On the second training day, the instructors gave classes on techniques for communicating with indigenous personnel. They taught how to pass information to the Afghans through cultural barriers and what mistakes to avoid when speaking to them. The teams were also taught the culture of the Taliban and Hezb-e-Islami Gulbuddin, Hekmatyar's fighters - a terrorist group operating in Afghanistan.
When Marine units engage with tribal leaders, the intent is for Marines to use the culture of the enemy to advantage. The purpose is to work effectively with the Afghanistan National Army and civilians and to understand the mind-set of the enemy. On each day of training, the Marines receive instruction on Dari and Pashto, the two languages that they will use.37 Language training is an essential and complementary component to cultural education. Such a three-day course on language and culture can serve as one model for a "starter" module in the four-week Army Warrior Leader Course.

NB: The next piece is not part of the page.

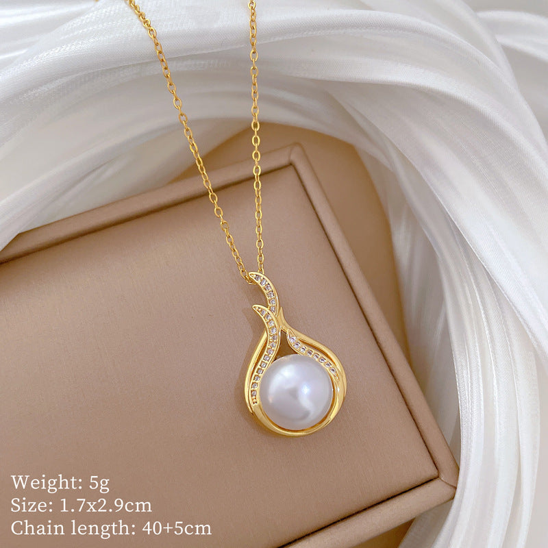 Fishtail Pearl Full Diamond Fashion Gorgeous Full Diamond Necklace Female Versatile Clavicle Chain Titanium Steel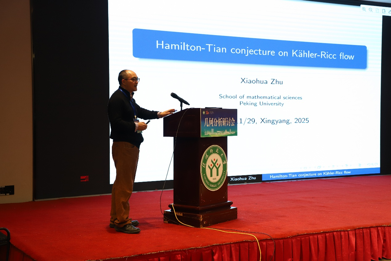 第一场报告由北京大学朱小华教授带来,题为《Hamilton-Tian conjecture on Kaehler-Ricci flow》。本场报告由365英国上市(集团)有限公司数学与系统科学研究院/广州大学的王友德教授主持。朱教授系统回顾了近二十年来关于法诺流形上凯勒–里奇流中 Hamilton–Tian猜想的研究进展,并重点介绍了一种研究该问题的新思路——借助带Bakry–Émery 里奇曲率的共形几何方法。

Figure 8-1. U.S. Army SGM Matthew Mullins, assigned to the
Nangarhar Agri-Business Development Team at
Forward Operating Base Finley-Sheilds,
Afghanistan, inspects wheat seed, 28 May 2009.
Photo by U.S. Air Force SSG Shawn Weismiller.
When thinking about the fields of cultural awareness and language proficiency, some speculate that future junior Army NCOs may need to possess attributes that traditionally have been the province of the Special Forces. However, an enhanced educational regime designed to produce a strategic corporal does not necessarily require wholesale Special Forces training. A systematic program to master a range of additional proficiencies would suffice. Most skills are currently being taught within the Army, but on an ad hoc basis.38 The institutionalization of enhanced cultural awareness education for Army NCOs would have an immense payoff.
Working with Agencies
According to one analyst, the U.S. armed forces largely eschew integrated joint, interagency, and coalition operations, as well as ignore the role of nongovernmental organizations (NGOs). Most operations lack cohesion, flexibility, and responsiveness.39 To remedy this deficit, educational and experiential cross-fertilization between the military and other government agencies would enhance effective interagency command and unity of effort. The military has invested substantial amounts of educational resources to develop a "joint" culture. A true interagency culture that links the U.S. military to its civilian agency counterparts will require a similar effort.40
Such an endeavor to link agency counterparts together is especially pertinent for Army NCOs since many civilian government agencies do not have an equivalent leadership function to the NCO ranks; thus, this role is not well understood by most civil servants. This becomes more important as senior NCOs begin to work on equal terms with members of the Department of State, members of foreign governments, and nongovernmental organizations.41 As the commandant of the Sergeants Major Academy said:
Training for NCOs is not what we need. Education is what we need so the Army can build their intellectual capacity for full spectrum ops . . . NCOs already are talking with the State Department [and] NGOs. They are mayors of towns.42
For instance, Soldiers and NCOs of the 3d Brigade Combat Team, 101st Airborne Division, were assigned a comprehensive assessment mission on revitalizing Iraq's aquaculture industry - an interagency task well beyond the boundaries of classical NCO responsibilities.43
Given these situations, military leaders need to encourage coordination at the operational and tactical levels. Educating military and civilian agency leaders to work together would be a key step, but no one has put a substantial teaching program into place.44 Affording senior NCOs a 6 to 12 month fellowship with another agency will increase the cross-governmental ties necessary to accomplish the missions that confront the force.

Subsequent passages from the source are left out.